You were a beautiful bride, and the fluffs were just adorable. Did they walk you down the isle?


----------



## Moxie'smom (Dec 16, 2007)

Beautiful pictures! and i too love the veil.


----------



## dogloverx3 (Apr 14, 2006)

Everyone looked SOOOO PRETTY . I love that you included your dogs in your wedding photos . Sarah


----------



## HEINI (Feb 4, 2007)

* :wub: :wub: :wub: :wub: those pictures warm my heart. 
wonderful and you are so pretty in your dress. 
the two are looking at you as if they are saying, MOM? whats that on your head?? :biggrin: but simply perfect.
the last one brings tears to my eyes. alle the best, lots of love and heath and happiness for you and your family!!*


----------



## Cosy (Feb 9, 2006)

Precious pics of your babies and you two. THe veils were beautiful.


----------



## Matilda's mommy (Jun 1, 2005)

oh my gosh those pictures are priceless :wub: brought tears to my eyes, you were such a beautiful bride.


----------



## chloeandj (Apr 1, 2005)

Oh wow, so gorgeous!


----------



## Krystal (Feb 3, 2007)

Those are beautiful pictures! Your dress was beautiful, you were beautiful, and babies were adorably beautiful!!


----------



## Cupcake2007 (Jan 22, 2008)

OMG!!! the pictures are soooo Purtiful!!!!!!!!!!!!!!! beautiful beautiful!!! CupCake cant Wait til she gets married! she wants to know if she can borrow emma's veil!!

love, Cupcake


----------



## Maidto2Maltese (Oct 19, 2004)

What lovely photos!! As others have said that one on the couch is just priceless!!! 
You certainly were a beautiful bride!!!!!!!!!!


----------



## Kara (Apr 29, 2007)

Aww those photos are soo pretty.

Everyone looked beautiful.


----------



## ittyboo (May 15, 2007)

Great photos and what a lovely bride you are. Your dress is absolutly beautifull!
Thats really wonderful you had the fluffs with you on your special day.


----------



## coco (Sep 20, 2006)

Oh, I loved seeing your pics! Your dress was gorgeous! You were a beautiful bride, and the picture of you and the pups on the sofa is so special. Thanks for sharing with us.


----------



## belibaby14 (Mar 21, 2007)

Wow, you were a beautiful bride.


----------



## Belle's Mum (Jul 13, 2007)

OMG!! Your pics are beautiful! I love your dress!! You look gorgeous! Emma is sooo cute!!


----------



## Harley & Dakotas Mum (Jun 11, 2005)

Absolutely beautiful pictures.

I also love the one of you with the pups on the sofa, I can see your love for them and their love for you, just beautiful! :wub:


----------



## godiva goddess (Nov 19, 2007)

Tam, You are soooo stunningly beautiful!! The pups are adorable too. You should submit the pics of you and the pup on the couch to Modern Bride Magazine! They are print worthy!! :wub: :wub:


----------



## mom2bijou (Oct 19, 2006)

> Tam, You are soooo stunningly beautiful!! The pups are adorable too. You should submit the pics of you and the pup on the couch to Modern Bride Magazine! They are print worthy!! :wub: :wub:[/B]

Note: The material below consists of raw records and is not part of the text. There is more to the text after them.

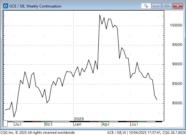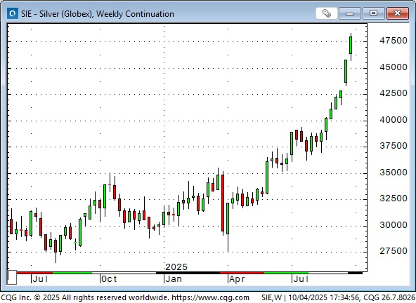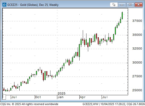 December Comex gold has closed higher for seven consecutive weeks, rising ~$575 (~17%). It appears to me that FOMO buying is making gold more of a “risk asset” than a “hedge.”
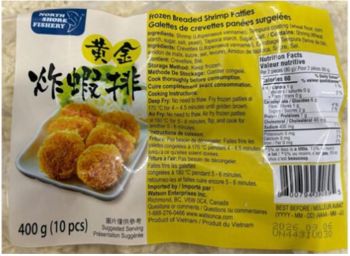 Watson Enterprises Inc. is recalling North Shore Fishery brand Frozen Breaded Shrimp Patties and Frozen Tempura Shrimp Roll because they may contain undeclared egg, soy, and milk, according to the Canadian Food Inspection Agency (CFIA).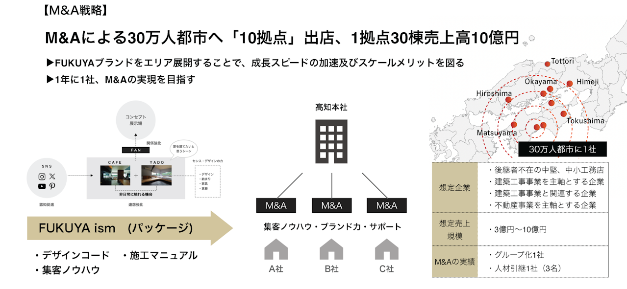 また、上場後のさらなる成長に向けた今後の戦略として、後継者不在の中堅中小工務店や建設工事・建築工事・不動産会社を対象に1年に1社のM&Aの実現を目指し、松山・徳島・岡山・広島・姫路等、高知周辺の30万人都市へ10拠点を出店していきたい、とお話されていました。
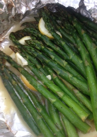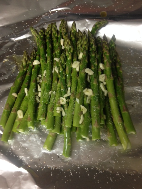Place a piece of foil flat. Place your freshly trimmed asparagus on top.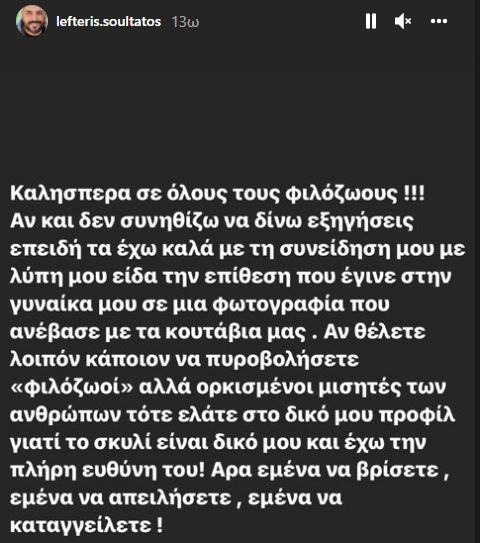 “Καλησπέρα σε όλους τους φιλόζωους. Αν και δεν συνηθίζω να δίνω εξηγήσεις επειδή τα έχω καλά με τη συνείδησή μου, με λύπη μου είδα την επίθεση που έγινε στη γυναίκα μου σε μία φωτογραφία που ανέβασε τα κουτάβια μας. Αν θέλετε λοιπόν κάποιον να πυροβολήσετε φιλόζωοι, αλλά ορισμένοι μισητές των ανθρώπων, τότε ελάτε στο δικό μου προφίλ γιατί το σκυλί είναι δικό μου και έχω την πλήρη ευθύνη του. Άρα εμένα να βρίσετε, εμένα να απειλήσετε εμένα να καταγγείλετε”, έγραψε αρχικά ο Λευτέρης Σουλτάτος.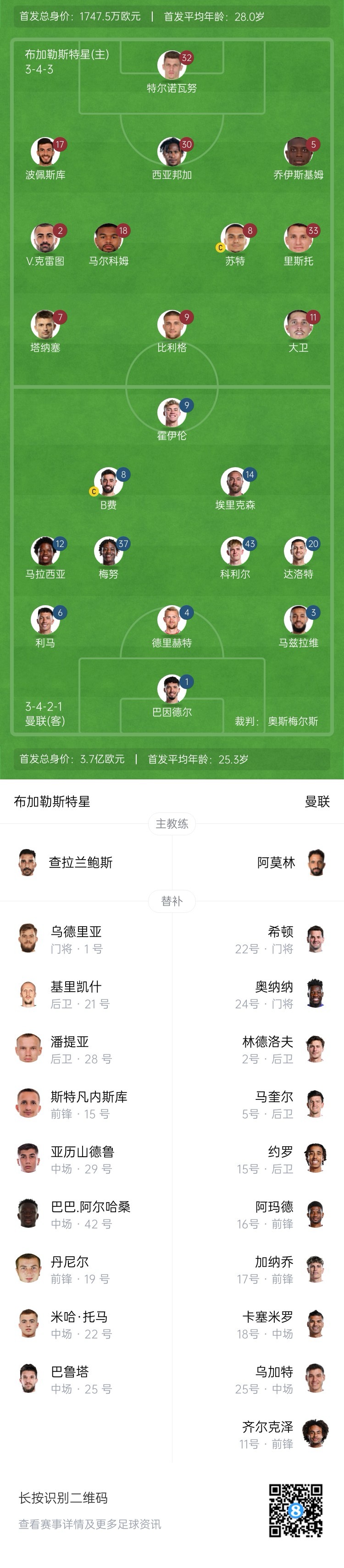 1月31日讯 欧联杯联赛阶段第8轮,布加勒斯特星主场迎战曼联比赛即将打响。在赛前公布的阵容中,加纳乔和阿玛德均替补待命。在接受采访时,阿莫林解释了原因。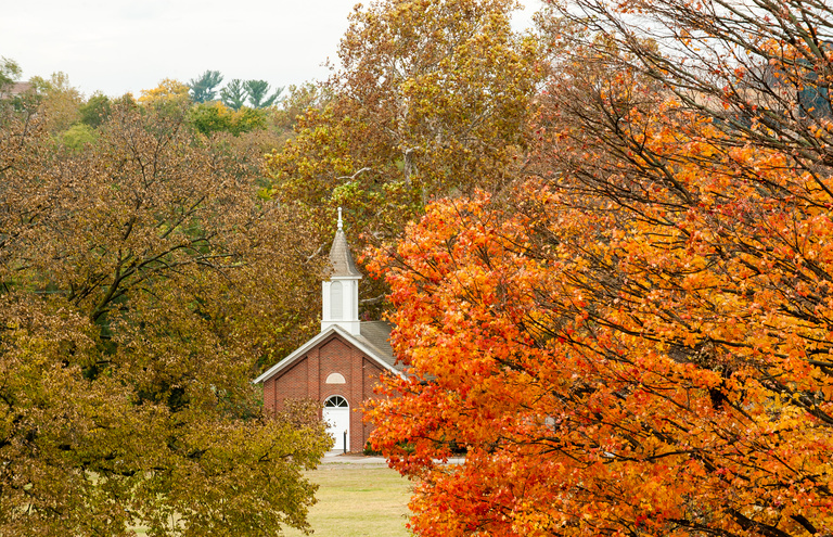 In the 1930s, then-director of the IMU, Rufus H. Fitzgerald, was part of a group pushing to reestablish a place for quiet meditation on campus—there had been no chapel on campus since 1892, when North Hall was converted to a library—and he found an old church he liked in northeastern Johnson County. Rather than move St. John’s Methodist Church, a.k.a. “Old Zimmerman’s Church,” the group decided to recreate it near the site of the IMU, and a UI architect made scale drawings of the chapel’s exterior and interior. Lack of funds put those plans on hold until 1950, when William H. Danforth of St. Louis, Missouri, offered to bankroll the project. Danforth Chapel was completed to the southwest of the IMU in 1952.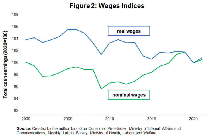 It was said that the sluggish wage increases were due to the increase in the number of workers with short working hours (since shorter working hours reduce wages, the average wages tend to fall as the number of workers with shorter working hours increases). Even if we only consider only full-time “regular workers,” real wages have remained almost unchanged after falling sharply in 2014 (falling further in 2020 due to the COVID-19 pandemic) (Fig. 2). From 2013 to 2019, nominal wages continued to rise but real wages developed like this because there was no strong rise in nominal wages to exceed the rising prices.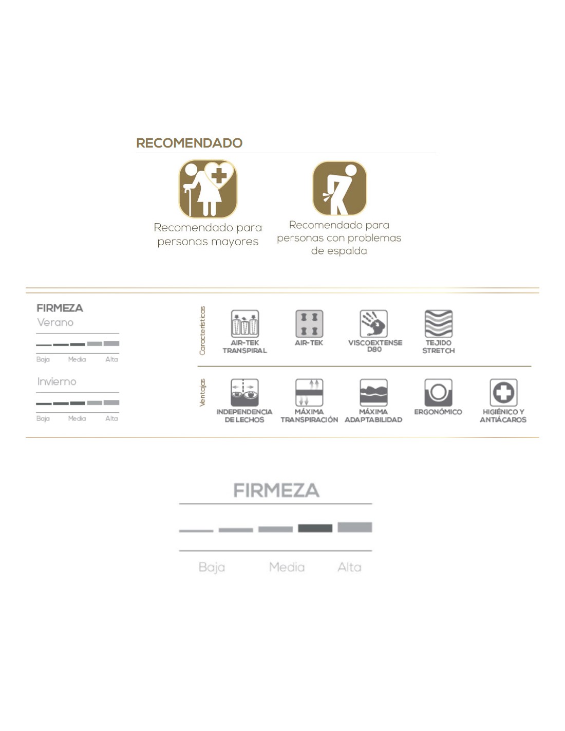 • Elimina puntos de presión, mejorando la calidad del sueño y evitando dolores musculares.
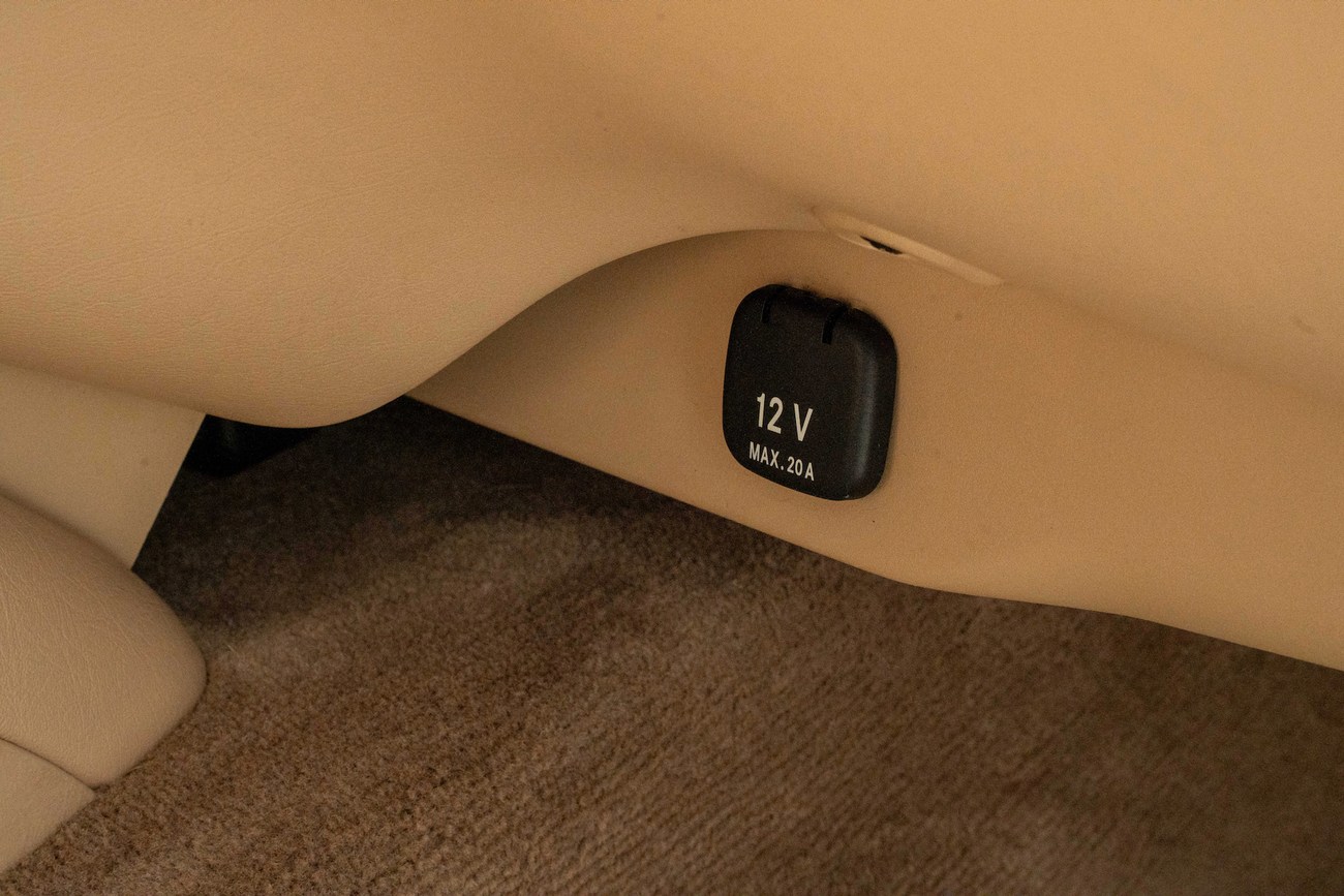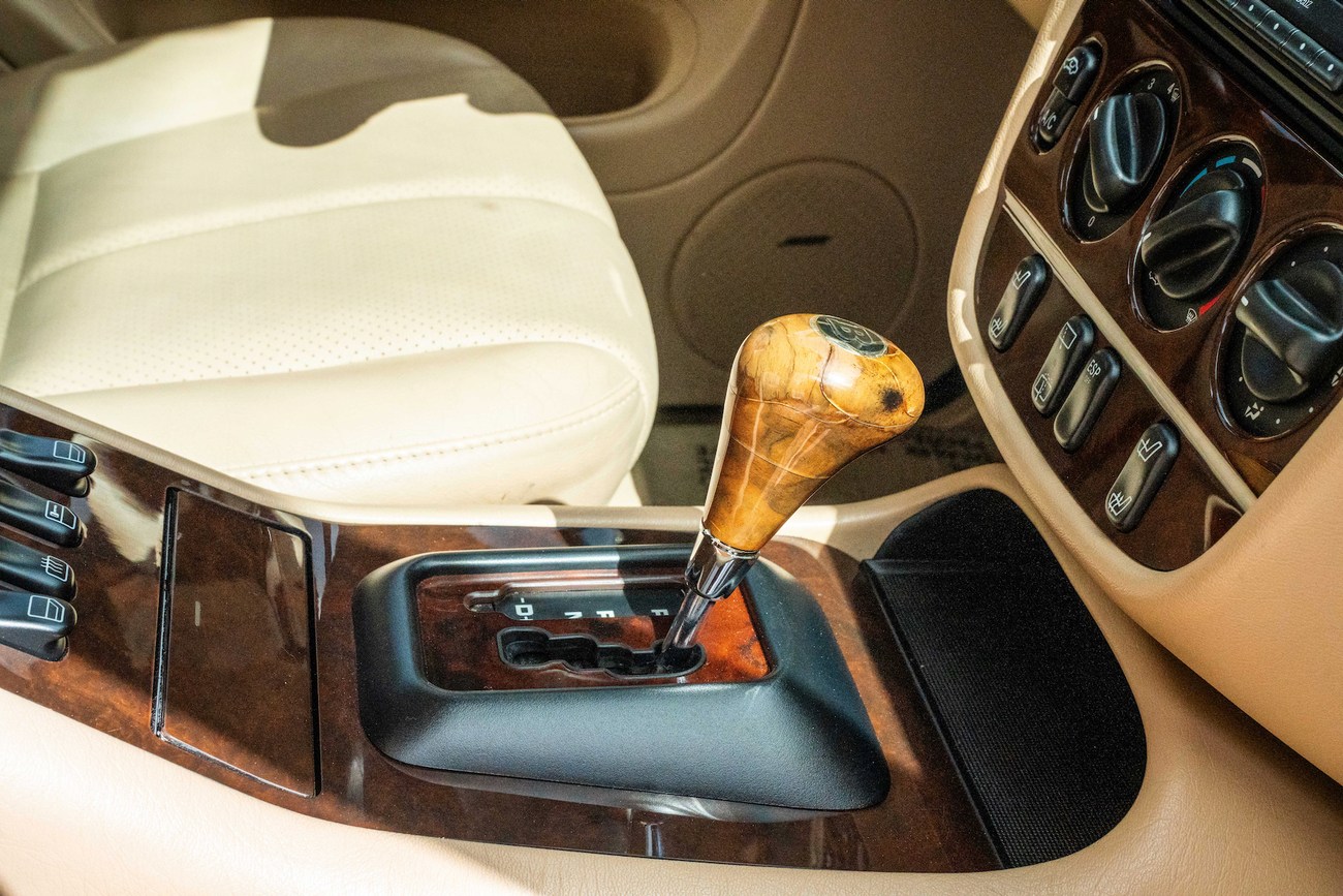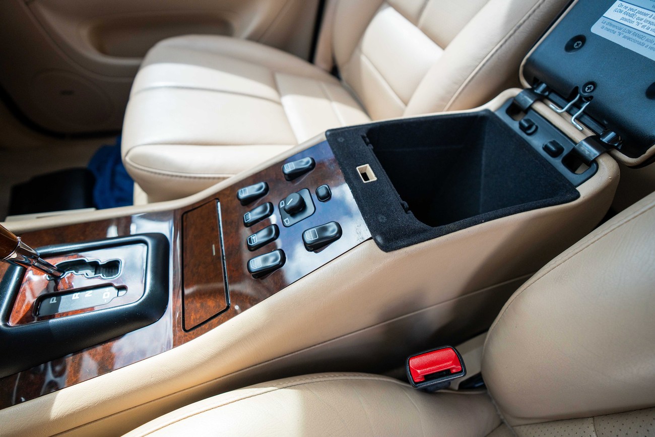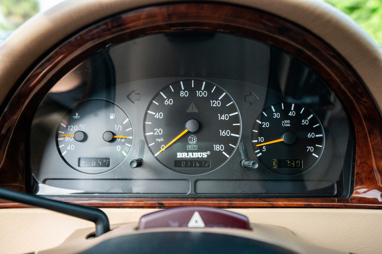 The leather and wood steering wheel frames a 180-mph speedometer, a 7k-rpm tachometer and gauges for fuel level and coolant temperature. Digital instrumentation consists of an outside temperature sensor, a digital clock, a trip meter and a digital odometer which currently shows just under 78k miles.

Thanks Alice....funny you say that....I want to blow that picture up and put it over our new mantle in the house. Somehow though I don't think I can get Erik to agree to it lol.


----------



## godiva goddess (Nov 19, 2007)

^^ Really? It is too beautiful to say no to, besides, I am sure Erik will agree if you really want to..lol..use your charms! *ahem*   

show him how its done, master of persuasion! lol..


----------



## kodie (Aug 24, 2004)

beautiful.... sigh


----------



## Lacie's Mom (Oct 11, 2006)

Gorgeous pictures. You looked beautiful and I love, love, love your dress. :wub: :wub:


----------



## Moxie'smom (Dec 16, 2007)

Tammy:

:wub: :wub: :wub: They are such beautiful pictures! AI love her veil! Oh they are going to womderful in your album...( or I'm sure they look wonderful if you got your album) (I'm still waiting for mine and the wedding was almost 6 years ago..Not LOL)


----------



## PuttiePie (Nov 22, 2006)

:wub: How spectacular you all are!! You are so stunninggggggggggggggggggg!!!!! WOW, how beautiful!!! :wub:


----------



## Eli's Mom (Mar 20, 2008)

Your dress was absolutely beautiful & having her in the veil was the sweetest.
I too think you should put that picture of you all on the couch on your mantle.
It's really special..


----------



## mom2bijou (Oct 19, 2006)

Thanks again everyone! I am lucky to even have these pictures b/c our photo company filed bankruptcy and disappeared! It was all over the news (celebration studios). What a nightmare! But we were lucky enough to find our freelancer who kept our pics on file and was able to give us our pictues and is working on an album for us. :smheat: 

I don't know what I would have done if I didn't get to see those pics of my sweet furkids on my wedding day!!! hehe. 

Thanks again for your wonderful comments


----------